▸ Supplied data
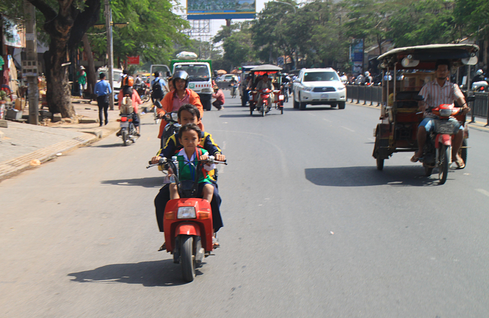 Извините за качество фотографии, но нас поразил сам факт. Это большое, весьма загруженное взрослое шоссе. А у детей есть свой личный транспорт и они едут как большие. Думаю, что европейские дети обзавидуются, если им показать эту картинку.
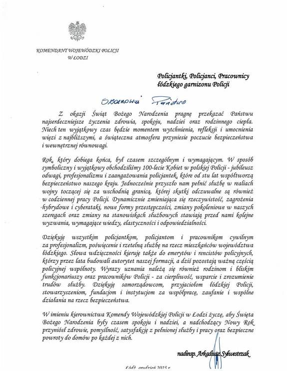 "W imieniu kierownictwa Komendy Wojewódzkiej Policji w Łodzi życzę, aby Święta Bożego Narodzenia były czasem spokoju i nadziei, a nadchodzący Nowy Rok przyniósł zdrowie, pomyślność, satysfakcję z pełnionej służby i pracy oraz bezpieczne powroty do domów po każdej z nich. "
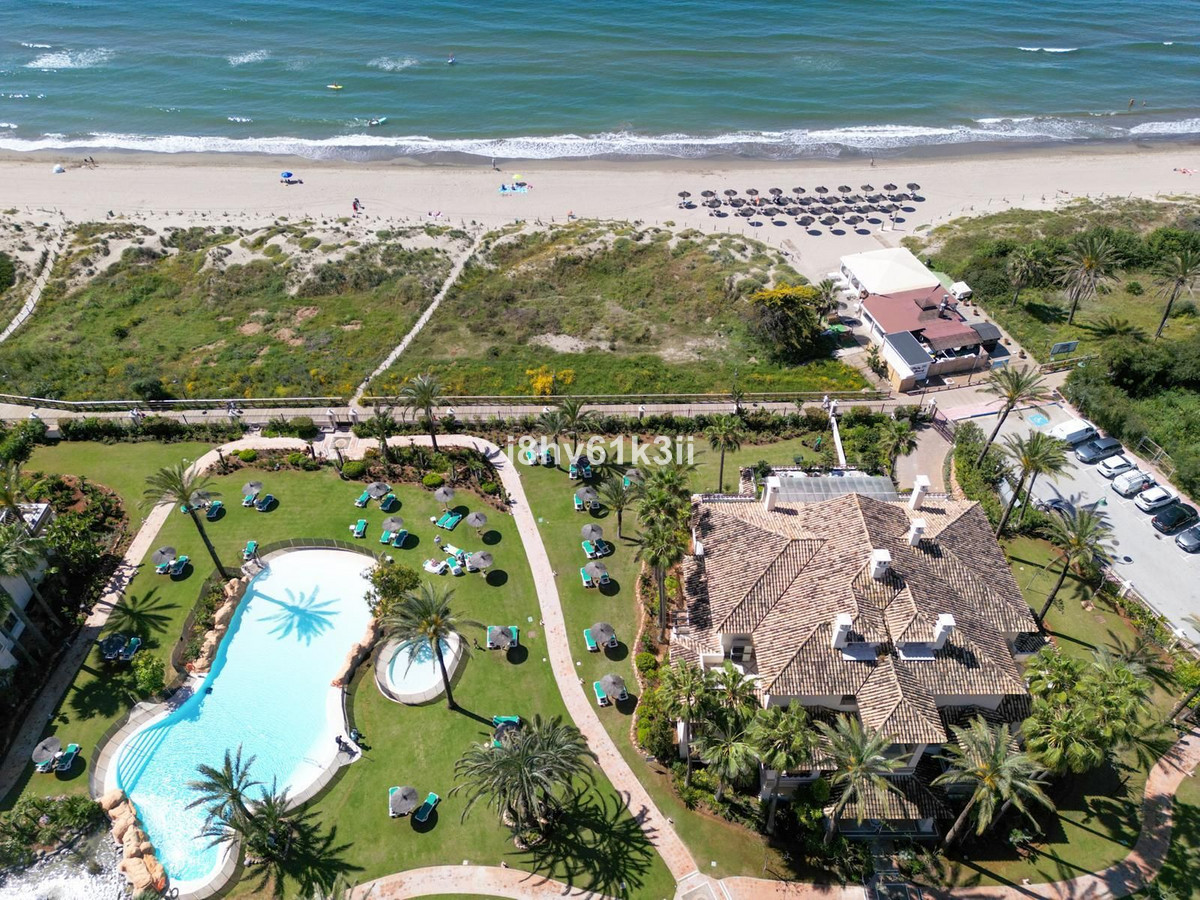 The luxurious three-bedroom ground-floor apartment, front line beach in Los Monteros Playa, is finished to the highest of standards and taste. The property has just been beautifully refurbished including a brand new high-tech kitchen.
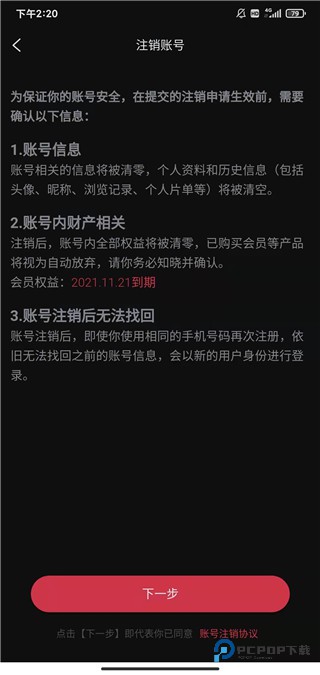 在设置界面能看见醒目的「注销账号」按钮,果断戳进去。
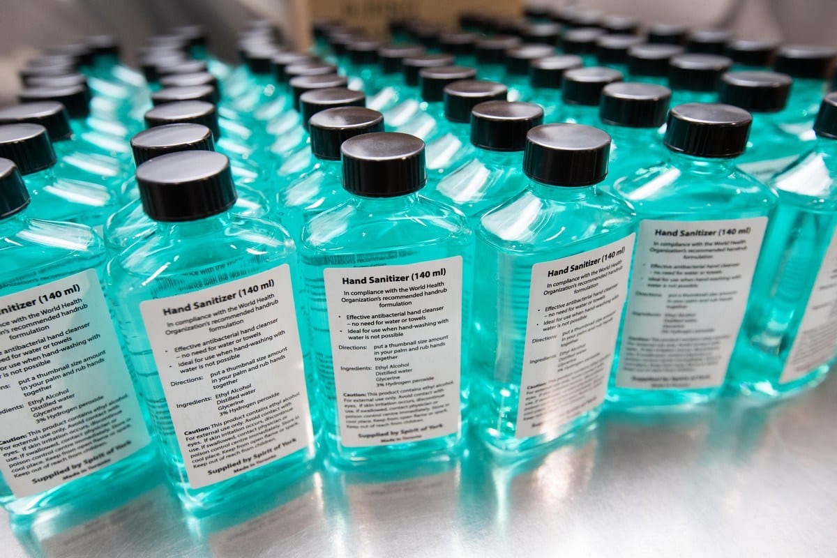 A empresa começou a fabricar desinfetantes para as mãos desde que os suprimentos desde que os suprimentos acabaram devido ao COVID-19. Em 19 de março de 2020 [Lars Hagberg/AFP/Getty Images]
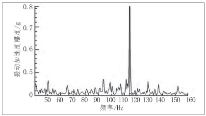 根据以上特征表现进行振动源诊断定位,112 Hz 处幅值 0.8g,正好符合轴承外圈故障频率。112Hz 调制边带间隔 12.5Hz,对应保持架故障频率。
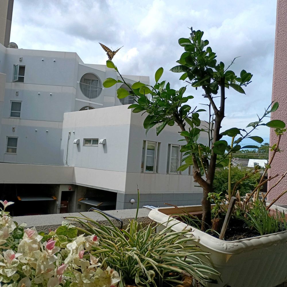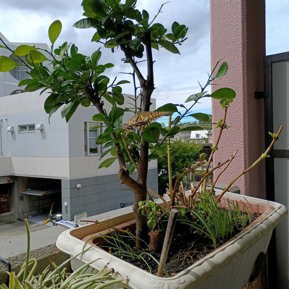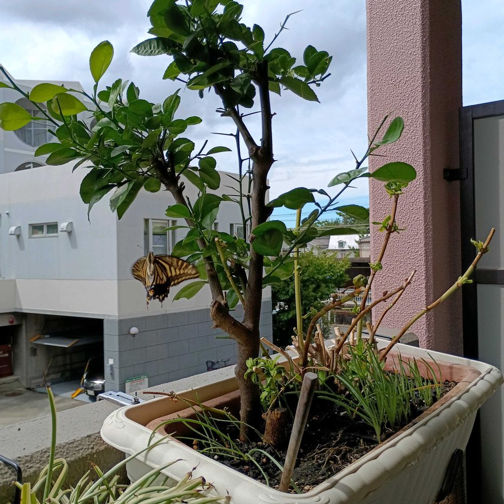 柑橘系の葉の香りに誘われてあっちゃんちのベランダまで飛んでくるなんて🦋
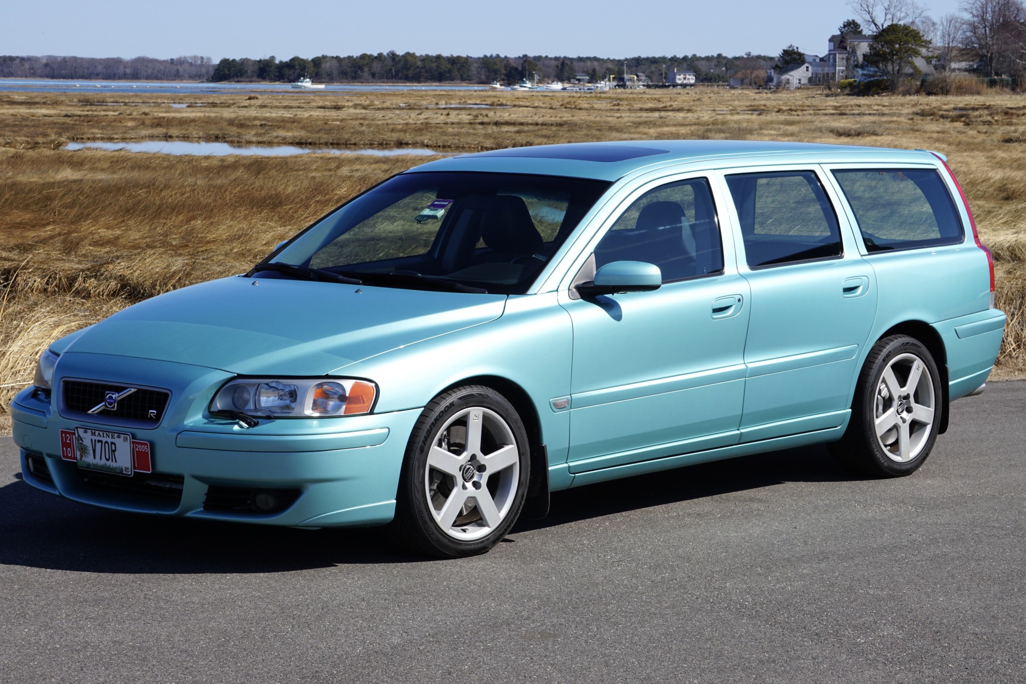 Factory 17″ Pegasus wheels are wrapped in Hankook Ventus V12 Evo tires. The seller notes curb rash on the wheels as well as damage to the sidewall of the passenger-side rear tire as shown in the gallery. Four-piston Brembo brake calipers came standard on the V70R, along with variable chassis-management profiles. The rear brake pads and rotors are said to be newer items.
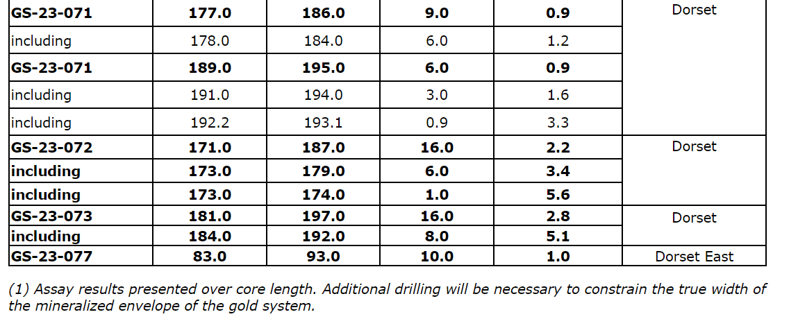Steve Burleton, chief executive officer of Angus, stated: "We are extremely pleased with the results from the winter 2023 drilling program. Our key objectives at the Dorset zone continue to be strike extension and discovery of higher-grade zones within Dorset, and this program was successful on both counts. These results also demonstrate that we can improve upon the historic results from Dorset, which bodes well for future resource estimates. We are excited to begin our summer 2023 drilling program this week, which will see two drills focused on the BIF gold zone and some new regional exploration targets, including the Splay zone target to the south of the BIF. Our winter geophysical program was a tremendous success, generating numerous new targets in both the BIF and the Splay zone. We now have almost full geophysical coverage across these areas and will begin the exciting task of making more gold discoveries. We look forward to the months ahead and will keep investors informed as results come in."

▸ Your assignment
Please reproduce the listing exactly from its opening line through the line that contains "imieniu kierownictwa Komendy", both included, with all pictures omitted.

▸ Response to this task
 Извините за качество фотографии, но нас поразил сам факт. Это большое, весьма загруженное взрослое шоссе. А у детей есть свой личный транспорт и они едут как большие. Думаю, что европейские дети обзавидуются, если им показать эту картинку.
 "W imieniu kierownictwa Komendy Wojewódzkiej Policji w Łodzi życzę, aby Święta Bożego Narodzenia były czasem spokoju i nadziei, a nadchodzący Nowy Rok przyniósł zdrowie, pomyślność, satysfakcję z pełnionej służby i pracy oraz bezpieczne powroty do domów po każdej z nich. "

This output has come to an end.